Professor Warfield believes an AI is a solution to this problem. The vision is to train a model that can automatically and quickly sort through hundreds of images to pinpoint those that differ
from comparable images of a healthy brain. The goal is to provide the radiologist with the essential highlights of a complex study, identifying not only the most relevant images, but also
pinpointing the critical areas on those images.
Such pinpoint inferencing can be seen in the next case study.
Detecting cancer cells more efficiently
Cancer cells are to be detected and classified more efficiently and accurately, using groundbreaking artificial intelligence—thanks to a new collaboration between the University of Warwick, Intel Corporation, the Alan Turing Institute and University Hospitals Coventry & Warwickshire NHS Trust (UHCW). The collaboration is part of The Alan Turing Institute’s strategic partnership with Intel.
Scientists at the University of Warwick’s Tissue Image Analytics (TIA) Laboratory—led by Professor Nasir Rajpoot from the Department of Computer Science —are creating a large, digital
repository of a variety of tumour and immune cells found in thousands of human tissue samples, and are developing algorithms to recognize these cells automatically.
Figure 4: Cancer tumor cells are highlighted in red
(Source: University of Warwick)
Professor Rajpoot commented: “The collaboration will enable us to benefit from world-class computer science expertise at Intel with the aim of optimizing our digital pathology image analysis software pipeline and deploying some of the latest cutting-edge technologies developed in our lab for computer-assisted diagnosis and grading of cancer.”
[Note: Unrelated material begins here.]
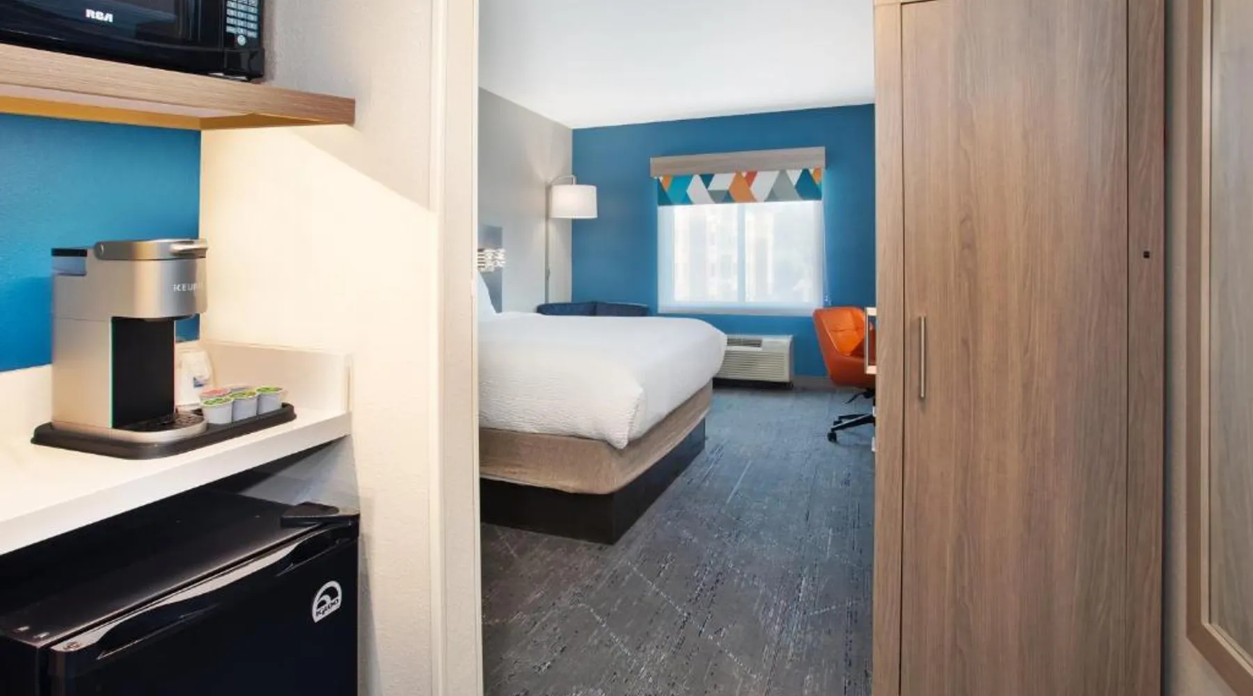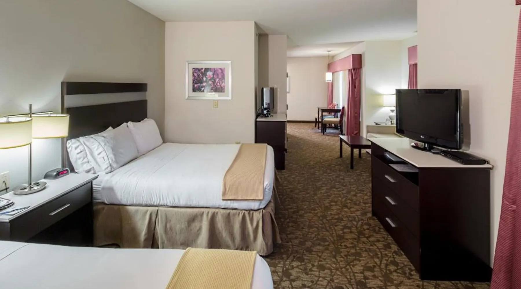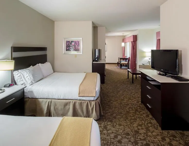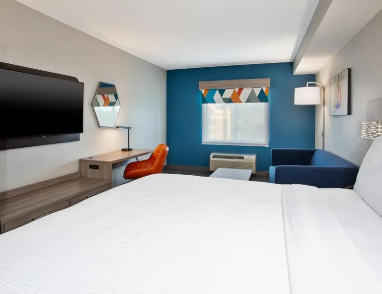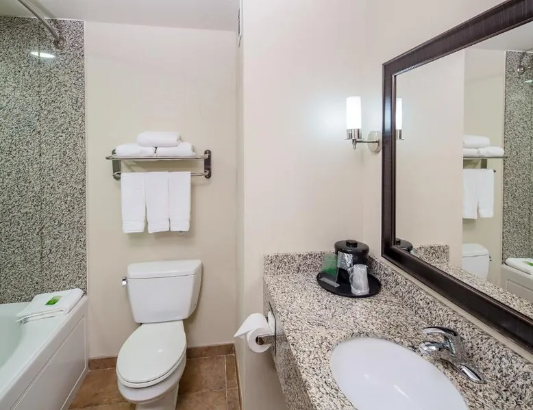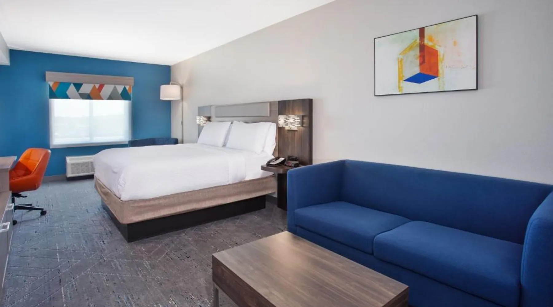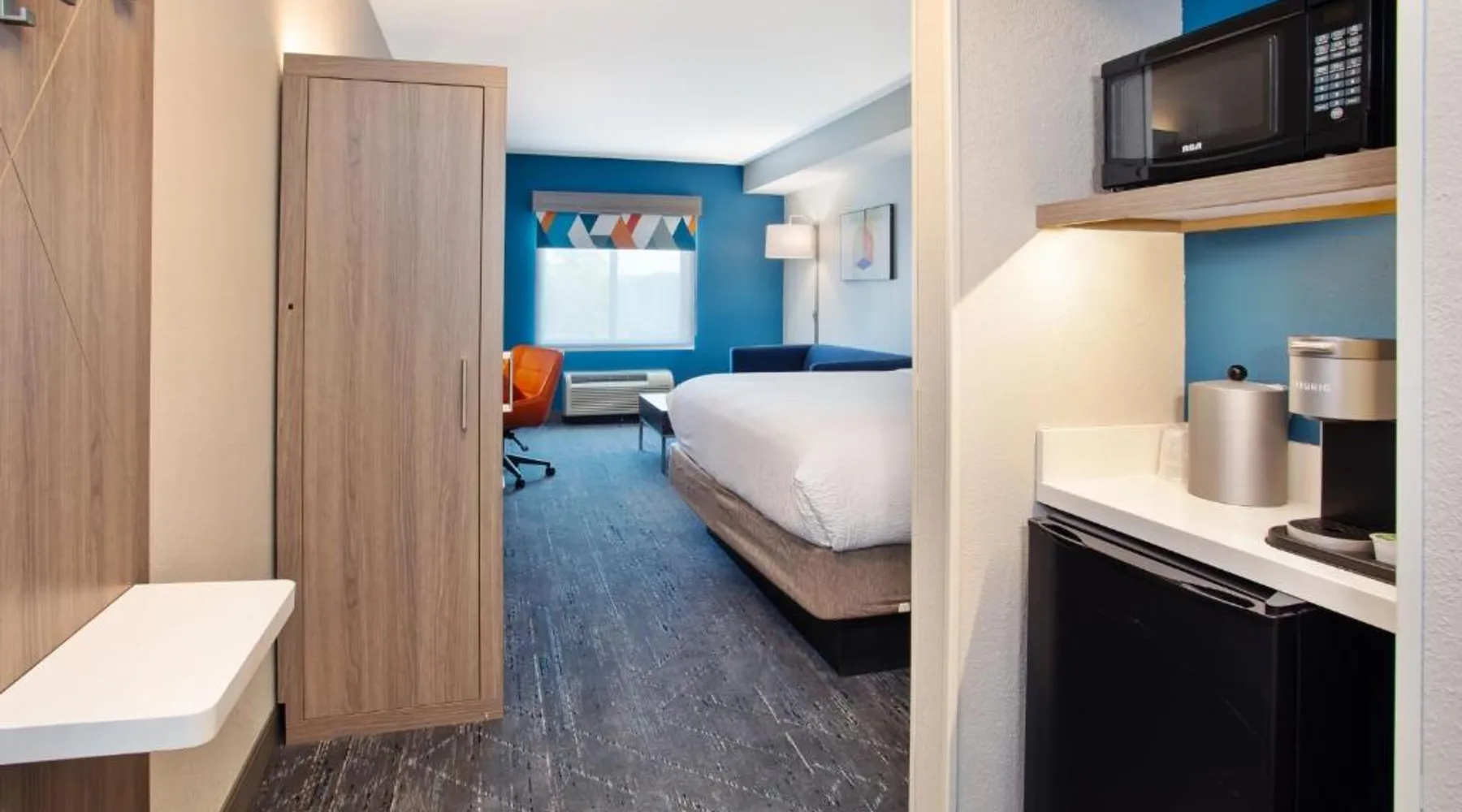 Comfortable Accommodations: Holiday Inn Express Augusta North by IHG in Augusta offers air-conditioned rooms with private bathrooms, baths, tea and coffee makers, hairdryers, refrigerators, work desks, seating areas, free toiletries, microwaves, and TVs. Facilities and Services: Guests enjoy a fitness center, indoor swimming pool, hot tub, elevator, 24-hour front desk, room service, and free on-site parking. The property staff and service support receive high ratings from guests. Local Attractions: Located 16 mi from Augusta Regional Airport, the hotel is near Augusta Golf Club (1.9 mi), Augusta National Golf Club (3.7 mi), Augusta Museum of History (6.2 mi), and Augusta Mall (5.6 mi). This spacious room with disability access is fitted with 1 king-size bed and a roll-in shower.
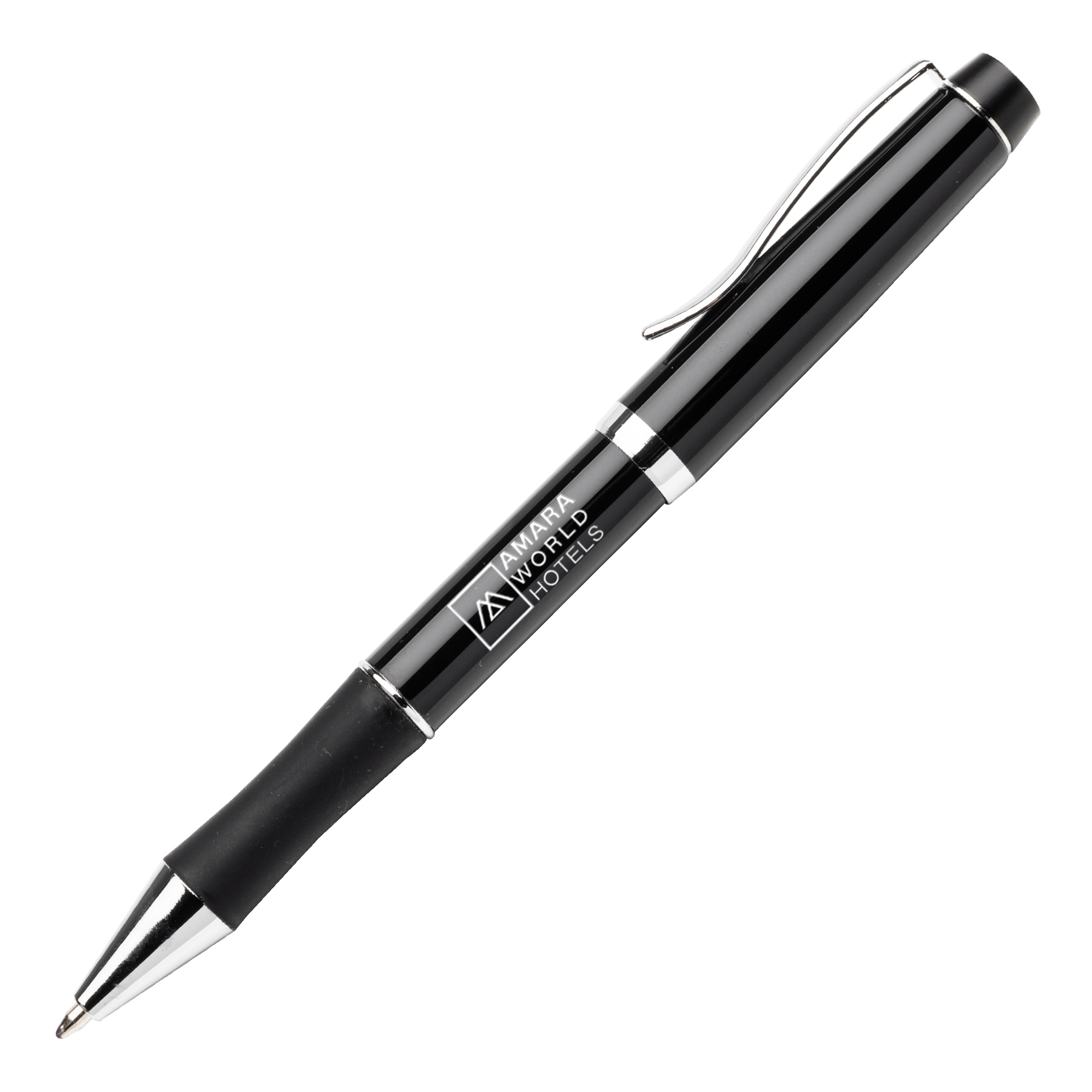Metal twist-action ballpoint pen with chrome trim and real rubber grip.

The digital pathology imaging solution aims to enable pathologists to increase their accuracy and reliability in analyzing cancerous tissue specimens over what can be achieved with existing methods.
“We have long known that important aspects of cellular pathology can be done faster with computers than by humans,” said Professor David Snead, clinical lead for cellular pathology and
director of the UHCW Centre of Excellence.
Carnegie Mellon University and learning in a limited information environment
Being able to collect large amounts of data from a simulation or via automated empirical observations like gene sequencers is a luxury that is not available to some HPC scientists. AI that can compete against and beat humans in limited information games has great potential, because so many activities between humans happen in the context of limited information such as financial trading and negotiations and even the much simpler task of buying a home.
Some scientists are utilizing games and game theory to address the challenges of learning in a limited information environment. In particular the Nash equilibrium helps augment information about behavior based on rational player behavior rather than by the traditional AI approach of collecting extensive amounts of data. In addition, this approach can address issues of imperfect recall, which poses a real problem for data-driven machine learning because human forgetfulness can invalidate much of a training set of past sampled behavioral data.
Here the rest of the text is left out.